Franklin, who is the U.S. Representative for Florida’s 15th congressional district, was next to take the stage. The former Navy pilot said he keeps a copy of The Constitution in his wallet to remind him of his oath to uphold it.
“The U.S. Constitution is not only my job description, but it reminds me every day of who I work for,” Franklin said. “I’m excited to be a part of this.”
After a brief intermission, Chief Justice Canady then took the podium. Canady, who still has a house in Lakeland, spoke for about 15 minutes about the rule of law and equal justice, protections that the Constitution provides all U.S. citizens.
“I am oath-bound to the Constitution,” Canady said as a soft rain fell. “I am doubly so as a lawyer and a member of the Supreme Court. That makes me partisan to the Constitution. … It is a wonderful bulwark against anarchy and arbitrary power.”
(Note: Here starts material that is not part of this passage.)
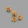 Broche volute en or jaune 18k (750‰) à décor de fleurs ornées au centre de pierres rouges. Dimensions : 7 x 3,7 cm Poids brut : 14,7 g
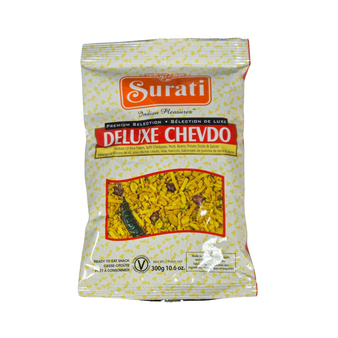 Indulge in the rich and flavorful Surati Deluxe Chevda, a crunchy snack that combines traditional Indian spices and ingredients. Made from high-quality ingredients, this 300g pack is perfect for satisfying cravings and adding a touch of spice to your day. Try it now and experience the authentic taste of Surati!

Eskamani became the first Iranian American to be elected to the Florida Legislature, winning her seat in 2018. She spoke briefly about her parents’ separate immigration to the United States before meeting at work, where they went on to build their lives and have a family.
“It’s up to us to uphold the values that our families were pursuing,” Eskamani said.
She then challenged students to find an opportunity to call people in before calling them out in a plea for everyone to come together to find a common ground when discussing their differences. This point was echoed by the final speaker of the day, former Chief Justice Lewis.
Lewis, a 1969 graduate of Florida Southern College, asked each person in attendance to try and answer two questions.
“Are we doing everything we can to fulfill the promises of the Constitution? And are we thankful for each day for the rights that we’ve been blessed with?”
Lewis’ speech was centered around the challenges of finding the common ground that Eskamani spoke of, saying that the riots of Jan. 6 were a sad day for him to witness.
“My message is for people to come together and protect the Constitution,” he said. “(My fear) is that the division within us won’t stand up against the attacks from around us.”
Constitution Day, also known as Citizenship Day, was first celebrated on Sept. 17, 2005. This national day is observed to honor the 39 delegates to the Constitutional Convention who signed the United States Constitution on Sept. 17, 1787.